KOSPI Declines for Second Day
Profit-Taking After Recent Gains Weighs on Index
The KOSPI has been on a downward trend for the second consecutive day. Profit-taking selling following recent gains appears to be holding back the KOSPI, which is on the verge of recovering the 2600 level. With the debt ceiling issue, which had been affecting the stock market, entering its final stages, the market is expected to respond more sensitively to monetary policy and economic slowdown concerns ahead of the June U.S. Federal Open Market Committee (FOMC) meeting.
KOSPI Falls for Two Consecutive Days
As of 10:25 a.m. on the 1st, the KOSPI was at 2,570.98, down 6.14 points (0.24%) from the previous day. The KOSDAQ rose 3.19 points (0.37%) to 860.13. The KOSDAQ successfully reversed its initial decline to rise, but the KOSPI, after turning upward, fell back into a downward trend.
The decline appears to be influenced by the U.S. stock market's weakness due to profit-taking selling in AI-related tech stocks such as Nvidia. On the 31st (local time) at the New York Stock Exchange (NYSE), the Dow Jones Industrial Average fell 0.41%, the S&P 500 dropped 0.61%, and the Nasdaq declined 0.63% compared to the previous day.
Na Jung-hwan, a researcher at NH Investment & Securities, analyzed, "The recent profit-taking selling in tech stocks that had been strong due to AI industry expectations led to the three major New York indices closing lower. Nvidia (down 5.7%) and AMD (down 5.6%) saw significant price drops, causing the Philadelphia Semiconductor Index to fall 2.7%."
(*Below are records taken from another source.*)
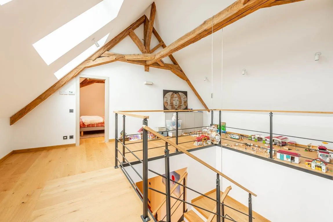 La belle hauteur sous plafond est mise en valeur par la création de poutres et solives intermédiaires en bois, imitant les plafonds à la française.
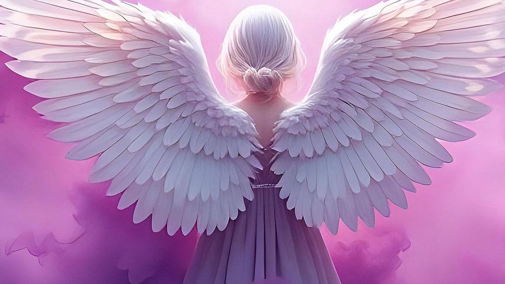 Het behang toont een majestueuze engel die zachtjes zweeft te midden van zachte, stromende wolken of delicate rook. De figuur van de engel straalt een aura van rust en vrede uit terwijl hij in een sierlijke pose is afgebeeld. De wolken om hem heen lijken bijna etherisch en creëren een dromerige sfeer die de kijker meeneemt naar een andere wereld.
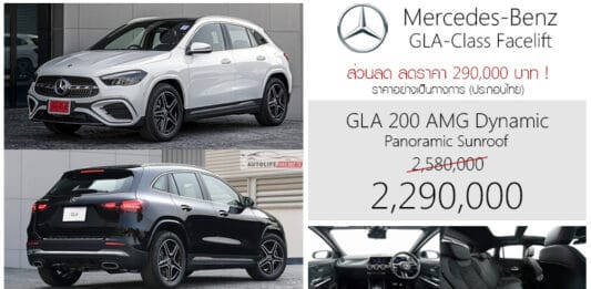 Mercedes-Benz GLA 200 Facelift (H247) ราคาอย่างเป็นทางการ (ประกอบไทย) GLA 200 AMG Dynamic Facelift 2,580,000 2,290,000 บาท * ส่วนลด 290,000 บาท สำหรับ GLA 200 AMG Dynamic จากราคา 2,580,000 บาท เหลือ 2,290,000 บาท ราคาเดียวทั่วประเทศ One Price ; Retail of the Future มาพร้อมการรับประกันคุณภาพ ดังนี้ รับประกันคุณภาพตัวรถ Warranty นาน 3 ปี ไม่จำกัดระยะทาง Mercedes-Benz GLA 200 AMG Dynamic Facelift (H247) แตกต่างจากรุ่นเดิม ดังนี้ ยกเลิก … Continue reading ส่วนลด 290,000 ! ราคาพิเศษ Mercedes-Benz GLA 200 Facelift : 2,290,000 บาท (ประกอบไทย) | หลังคากระจก Panoramic

Accordingly, Samsung Electronics and SK Hynix were down 0.42% and 0.92%, respectively, on the day. Seo Sang-young, a researcher at Mirae Asset Securities, explained, "The U.S. stock market's decline, reflecting recession concerns and profit-taking selling after recent gains, is a burden on the domestic market. In particular, attention should be paid to the fact that Micron did not raise its guidance, Hewlett-Packard's weak sales, and Ambarella's poor earnings, which are negative factors for the semiconductor sector and may increase the desire for profit-taking."
With the debt ceiling negotiations nearing resolution, the stock market is expected to be influenced by variables such as monetary policy and economic slowdown concerns. Han Ji-young, a researcher at Kiwoom Securities, said, "The debt ceiling increase bill passed the House Rules Committee and is likely to pass the House vote, reducing political uncertainty. This could stimulate risk appetite, but the market is expected to continue to coexist with caution regarding existing macroeconomic variables such as Federal Reserve tightening and the economy."
Market Attention on Interest Rate Path to Increase Ahead of FOMC
The market currently expects the June FOMC to hold rates steady. According to the CME FedWatch tool, the probability of a rate hold in June jumped sharply from the previous day's 33% range to the 72% range. Conversely, the probability of an additional 0.25 percentage point hike dropped from the 65% range to the 27% range.
Market attention is focused on the June FOMC, the last major event of the first half of the year and one that will influence the stock market direction in the second half. Among Fed officials, opinions on the direction of interest rates are divided. Since mid-May, hawkish figures such as James Bullard, President of the Federal Reserve Bank of St. Louis, have emphasized the need for further hikes, but Philip Jefferson, nominated as the next Fed Vice Chair, and Patrick Harker, President of the Philadelphia Fed, expressed the view that skipping a rate hike in June would be appropriate.
One researcher noted, "The fact that Jefferson and Harker used the term 'skipping' rather than 'pausing' or 'ending' suggests that even if rates are held steady in June, the possibility of hikes remains open in subsequent meetings. While this could trigger a market correction that had priced in the end of Fed tightening, the Beige Book released the previous day mentioned slowing employment growth in most regions, increased loan delinquencies in some areas, moderate wage growth, and easing inflation, indicating limited room for further Fed hikes."
There is a low likelihood that tightening concerns will materialize this month. Labor Gil, a researcher at Shinhan Investment Corp., said, "The Fed does not see an immediate need for further rate hikes amid uncertainty about the real economy impact of tighter lending standards. Since there has not been enough time to confirm data to justify rushing tightening, the likelihood of tightening concerns materializing in June is low."